29. The maximizing approach (Table 2) gives reasonable benefit of doubt to all published taxonomic designations and thereby maximizes the sample of ranges contributing to the analysis of faunal turnover. The maximizing approach (i) treats each named taxon with a distinct range as a separate entity but combines "Genus species" with Genus cf. species (same names) if the range of one completely includes the range of the other; (ii) includes taxa designated by tribe or genus as species "A," "B," and so forth (for example, Kobus sp. D, West Turkana); (iii) excludes records referred to only as "indet. sp." under a family or tribe name (for example, "indet. sp. Cercopithecidae"); (iv) retains taxa designated only as Genus "sp." if this taxon provides unique range information, even when there are other named species of the same genus; and (v) includes taxa from any of the three regions. The minimizing approach represents our conservative assessment of the actual numbers of distinct taxa. The minimizing approach (i) combines named taxa that are likely to represent the same species (for example, one range for Connochaetes gentryi and Connochaetes cf. gentryi); (ii) eliminates all taxa referred to only as "sp. nov. A"; (iii) retains taxa identified only to genus (for example, Oryx sp.) if it is the only occurrence of that genus or if it provides unique range information; (iv) combines records for a genus under "Genus sp." if this genus provides a unique record of the range of that genus (for example, if the genus occurs in more than one region, but none of the species do); and (v) includes only taxa that occur in more than one of the three fossiliferous regions (to reduce the effects of regional sedimentation and taphonomy on FADs and LADs). (Similar conventions for the use of taxonomic information have been described by B. Van Valkenburgh and C. Janis [in Species Diversity in Ecological Communities, R. E, Ricklefs and D. Schluter, Eds. (Univ. of Chicago Press, Chicago, IL, 1993), pp. 330-340], A. Turner and B. Wood (74), and J. Alroy (37).} In spite of the differences between the maximizing and minimizing approaches, both approaches show essentially the same pattern between 3.3 and 1.5 Ma; correlation between the turnover percentages was significant at the 99% confidence interval [Pearson's correlation coefficient r = 0.958 with 9 degrees of freedom (df)].

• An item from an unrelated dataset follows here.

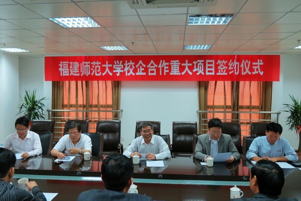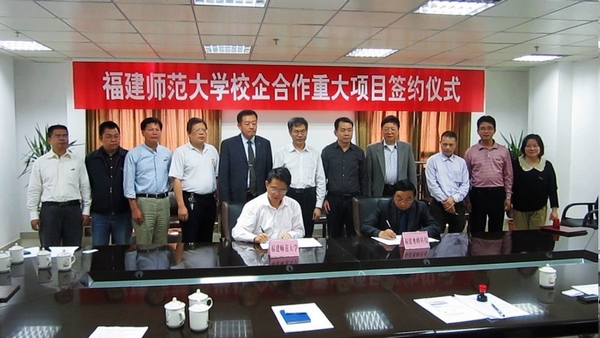 陈明总经理、陈俊强副总经理分别介绍了企业的总体情况,并对爱体育网_爱体育网(中国)给予企业的技术支持表示感谢。环境科学与工程学院负责人介绍了学院的建设情况,重点介绍了学院开展产学研合作所具备的技术力量,表示对此次校企合作充满信心。随后,科技处、环境科学与工程学院负责人分别代表学校与福建省富民农业科技有限公司、福建奥峰科技有限公司签订了联合成立“福建富民(师大)农林业病虫害防治技术研究中心”和共建“福建奥峰—福建师大生态功能新材料联合开发中心”的合作协议。双方将以合作申报“福建省企业工程技术研究中心”为目标,在相关领域的技术开发、人才培养和教学实践等方面开展深入合作。

30. The range charts do not include taxa that were represented at only one locality in the Turkana Basin (amounting to 80 out of the original 246 taxa in the raw data) because a sample size of one occurrence is too small to contribute reliable information on the beginning or end of a species' range. To test whether this omission biased the analysis against FADs caused by short-lived migrations or evolutionary events connected with a turnover pulse between 2.8 and 2.5 Ma, we analyzed turnover in the subset of 80 single-locality taxa. Although there is a peak of 70% in FADs between 2.4 and 2.2 Ma (primarily the result of rare taxa occurring in Omo Members E through G), there is an even distribution of 15 to 20% FADs from 2.4 Ma back to 3 Ma. This even distribution argues against a bias affecting turnover between 2.8 and 2.5 Ma.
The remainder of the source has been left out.